This move extends the government’s existing policy of using locally made photovoltaic (PV) modules in government projects. The policy aims to reduce India’s reliance on imported solar components, especially from China, and strengthen the country’s domestic manufacturing capacity.
India plans to ramp up its non-fossil fuel capacity from the current 156 gigawatts (GW) to 500 GW by 2030. Currently, India’s solar PV module manufacturing capacity stands at around 80 GW, while its solar cell production capacity is only 7 GW. The new mandate seeks to bridge this gap by encouraging investment in domestic production facilities.
The Ministry of Renewable Energy announced that it would issue a list of approved domestic cell manufacturers in the coming year, as production capacity is expected to increase significantly.

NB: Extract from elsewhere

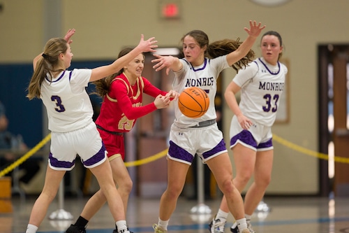 Angelisa Kearns, de Edison (23), batalha contra a bola contra Nicole Turco (3) e Katelyn Louro de Monroe nas quartas de final de basquete feminino da GMC High School em Edison. Os Falcons passaram pelos Eagles por uma vitória por 58 a 39. 02/11/2023Steve Hockstein | Para NJ Advance

India aims to boost domestic solar cell production
Several leading Indian companies have already begun expanding their solar cell production capacity in response to the government’s push. Major firms such as Tata Power, Reliance Industries, and the Adani Group are at the forefront of this effort.
Tata Power recently launched a 4.3 GW cell production plant in southern India, while Reliance Industries is set to commission the first phase of its 20 GW integrated solar cell and module production facility in Gujarat by the end of the year. The Adani Group also operates a 4 GW cell and module production plant in the region.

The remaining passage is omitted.